L'installation du système n'inclut pas ces fonctionnalités
; il s'agit de la sauvegarde de l'historique de navigation d'Internet Explorer. Cependant, Li Yang sut s'arrêter à temps. La jeune fille était timide, et il ne voulait pas trop l'agacer. Il se contenta donc de rire et de dire
: «
Ah bon
? Alors désactivons-le
; ce n'est pas une bonne idée.
»
« Quel individu odieux ! Installer ces logiciels sur l'ordinateur de quelqu'un d'autre pendant qu'on installe un ordinateur ? C'est tellement peu professionnel ! » Zhao Ran, saisissant l'occasion, acquiesça aussitôt aux paroles de Li Yang.
« Hmm. » Li Yang intervint également en prononçant quelques mots de condamnation contre le marchand sans scrupules.
"Gargouillis..."
Un bruit étrange retentit soudain entre eux. Li Yang sourit penaud ; c'était sa faute, il n'avait pas déjeuné et son estomac protestait bruyamment.
Le regard de Zhao Ran balaya les alentours, puis elle se retourna brusquement et attrapa le bras de Li Yang, disant d'un ton coquet : « Frère Li Yang, cela fait si longtemps que tu n'es pas revenu, et quand tu reviens, tu ne passes jamais de temps avec moi. Puisque tu déjeunes ici aujourd'hui, je vais te préparer des nouilles ! »
Li Yang, pris de sueurs froides, fixait Zhao Ran d'un regard étrange.

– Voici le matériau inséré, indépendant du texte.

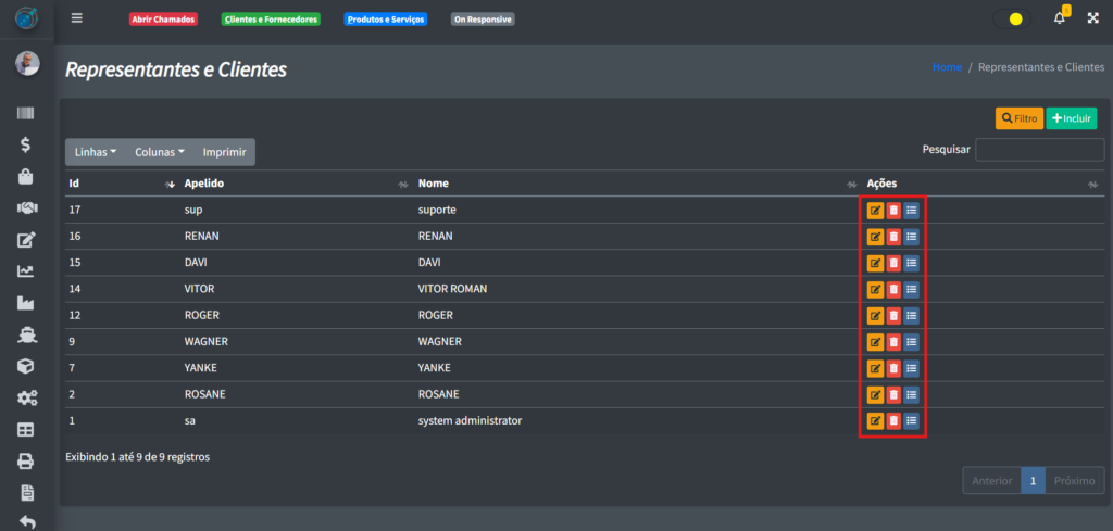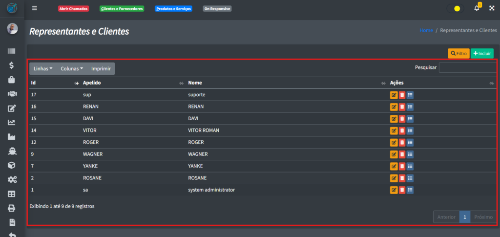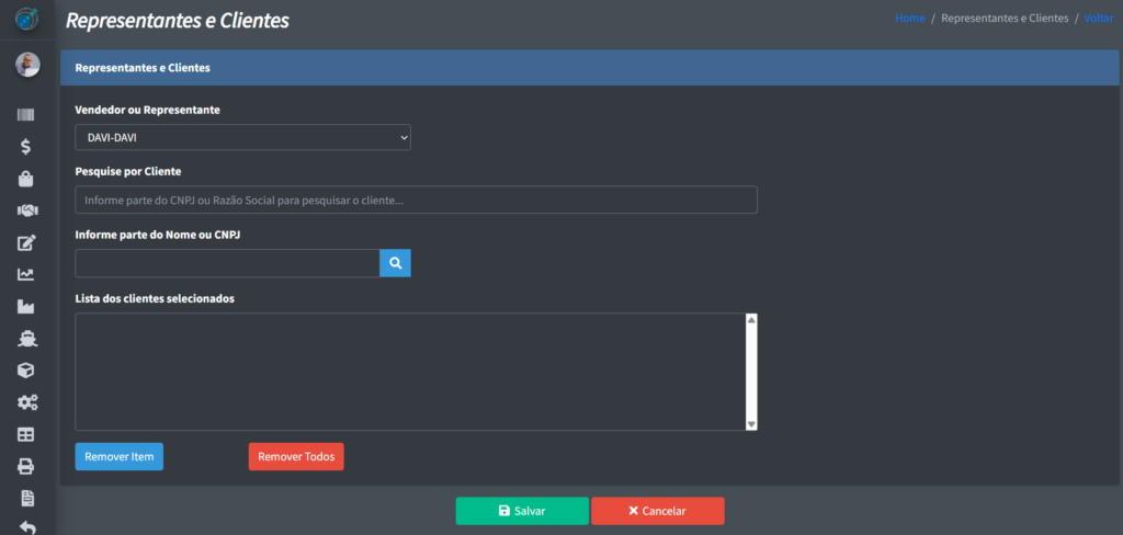 Ao clicar no botão de “Salvar“, você vai voltar para a tela anterior de maneira automática e poderá ver o seu novo representante e cliente na tabela.

Il se demandait si cette jeune fille était naïve ou si elle utilisait délibérément ces mots pour le séduire.
Après l'avoir observée un instant, Li Yang remarqua que les yeux de la jeune fille brillaient d'espoir et d'impatience, et qu'elle n'avait aucune mauvaise intention. Il ne put s'empêcher de dire : « Je peux ajouter une saucisse ? Ça n'en sera que meilleur. »

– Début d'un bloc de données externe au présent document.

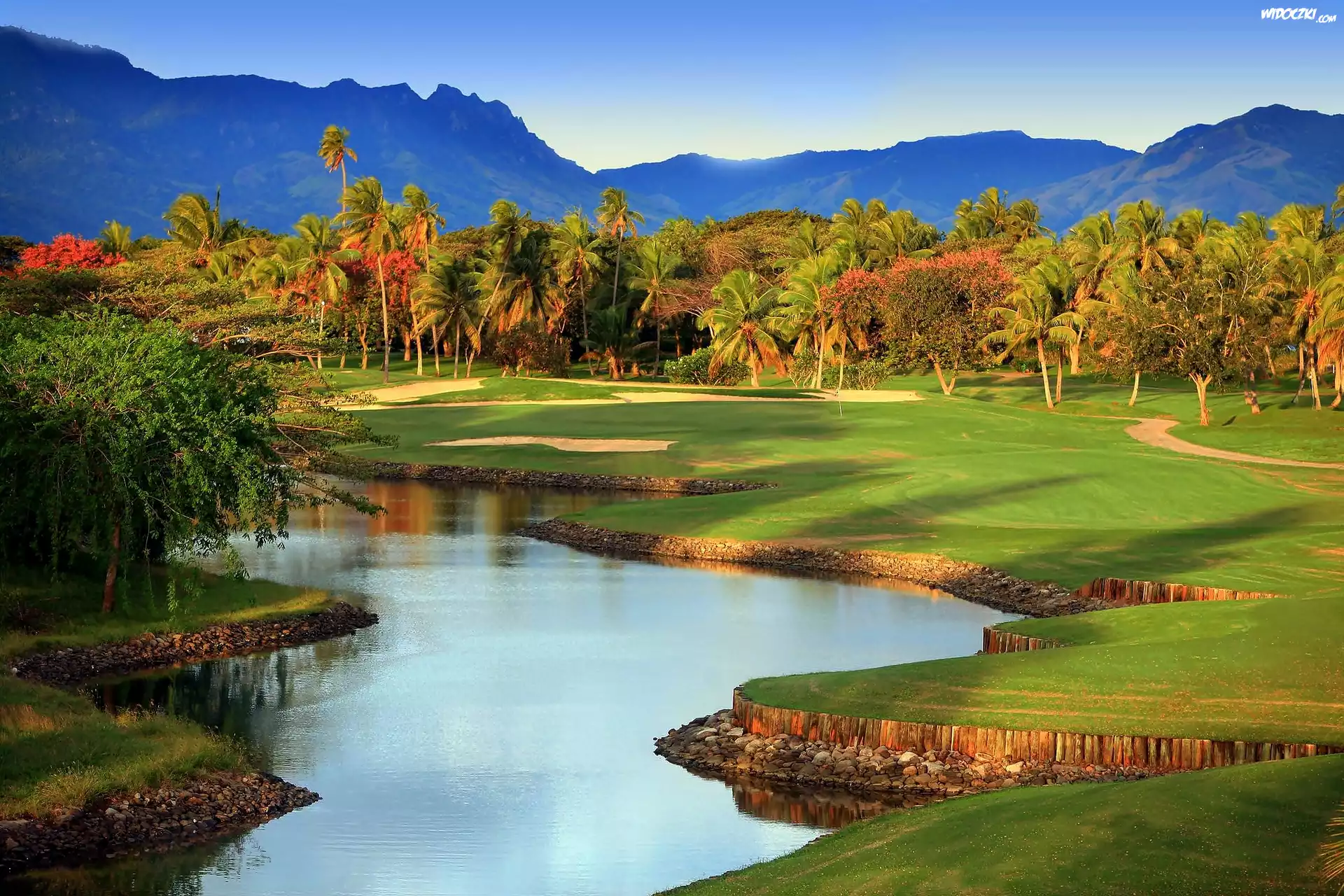 Rzeka, Góry, Drzewa, Trawa, Kamienie, Jesień

«Des saucisses ? Tu aimes les saucisses ?» Zhao Ran fronça les sourcils en regardant Li Yang et demanda avec curiosité.
« Je... je n'en mange qu'occasionnellement. » Li Yang, pris d'une sueur froide, pensa que la petite fille avait compris et répondit précipitamment.
« Les saucisses, c'est dégoûtant. C'est fait avec de la viande hachée de chats et de chiens morts. Je n'aime pas ça. Mais si frère Li Yang en veut, j'en ajouterai aux nouilles », dit Zhao Ran avec une certaine réticence, mais elle accepta tout de même la proposition de Li Yang.
Faites avec de la viande hachée de chat et de chien morts
? Franchement, je n'en sais rien. Mais j'ai une idée derrière la tête
: je ne veux pas manger de saucisses. Je veux te donner celles que je m'apprête à partager. Mais tu ne comprends pas. Soupir… C'est vraiment dommage.
« Plus jamais ça ! Je ne supporte pas les saucisses non plus. Mais avec quelques œufs de caille, ce serait sympa. » Chaque fois que Li Yang était près de Zhao Ran, ces pensées coquines lui traversaient l'esprit sans qu'il puisse s'en empêcher, et il la taquinait.
« Des œufs de caille ? Nous en avons ici, ils ne coûtent pas cher. Vous en voulez un sachet ? C'est gratuit. » Zhao Ran se retourna, prit un sachet d'œufs de caille durs sur une étagère à côté et le tendit à Li Yang.
Li Yang n'eut d'autre choix que de l'accepter et de le manger, non sans agacement. Zut ! Il n'avait encore une fois pas atteint son objectif. Cependant, en ouvrant un petit œuf de caille et en le portant à sa bouche, il le trouva plutôt bon.
Cependant, si une femme ne mange que ces deux choses tous les soirs, elle ne prendra vraiment pas de poids ! Héhé.
« Connecte-toi d'abord, je te prépare des nouilles. » Zhao Ran repoussa Li Yang et se dirigea vers la petite cuisine attenante. Son dos fin et gracieux dessinait déjà une silhouette des plus séduisantes.